== What to do ==
Copy, exactly and without additions, every line in the records below from the one holding "Geoscientists-in-the-Parks | ||||" through the one holding "山东天岳先进科技股份有限公司", both ends included.

== Records provided ==
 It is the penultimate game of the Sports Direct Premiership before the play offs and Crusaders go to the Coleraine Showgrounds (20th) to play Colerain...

...

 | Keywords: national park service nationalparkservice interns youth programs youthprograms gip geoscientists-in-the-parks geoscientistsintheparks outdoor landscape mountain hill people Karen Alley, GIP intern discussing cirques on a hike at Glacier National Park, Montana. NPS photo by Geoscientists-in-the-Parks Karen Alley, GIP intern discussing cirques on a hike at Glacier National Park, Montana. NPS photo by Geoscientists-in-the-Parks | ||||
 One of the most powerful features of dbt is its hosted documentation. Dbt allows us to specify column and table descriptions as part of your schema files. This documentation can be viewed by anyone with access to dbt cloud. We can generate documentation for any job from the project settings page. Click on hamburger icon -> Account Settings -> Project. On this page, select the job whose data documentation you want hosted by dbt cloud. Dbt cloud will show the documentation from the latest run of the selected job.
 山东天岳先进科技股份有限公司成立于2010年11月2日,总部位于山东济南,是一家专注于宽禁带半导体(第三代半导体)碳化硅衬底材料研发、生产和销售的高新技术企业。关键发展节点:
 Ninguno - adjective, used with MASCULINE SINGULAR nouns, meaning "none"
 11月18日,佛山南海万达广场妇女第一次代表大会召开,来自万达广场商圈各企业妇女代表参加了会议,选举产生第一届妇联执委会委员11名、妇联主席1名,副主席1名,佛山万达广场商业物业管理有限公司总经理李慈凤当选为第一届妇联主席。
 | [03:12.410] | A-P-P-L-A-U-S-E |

== Problem solution ==
 | Keywords: national park service nationalparkservice interns youth programs youthprograms gip geoscientists-in-the-parks geoscientistsintheparks outdoor landscape mountain hill people Karen Alley, GIP intern discussing cirques on a hike at Glacier National Park, Montana. NPS photo by Geoscientists-in-the-Parks Karen Alley, GIP intern discussing cirques on a hike at Glacier National Park, Montana. NPS photo by Geoscientists-in-the-Parks | ||||
 One of the most powerful features of dbt is its hosted documentation. Dbt allows us to specify column and table descriptions as part of your schema files. This documentation can be viewed by anyone with access to dbt cloud. We can generate documentation for any job from the project settings page. Click on hamburger icon -> Account Settings -> Project. On this page, select the job whose data documentation you want hosted by dbt cloud. Dbt cloud will show the documentation from the latest run of the selected job.
 山东天岳先进科技股份有限公司成立于2010年11月2日,总部位于山东济南,是一家专注于宽禁带半导体(第三代半导体)碳化硅衬底材料研发、生产和销售的高新技术企业。关键发展节点:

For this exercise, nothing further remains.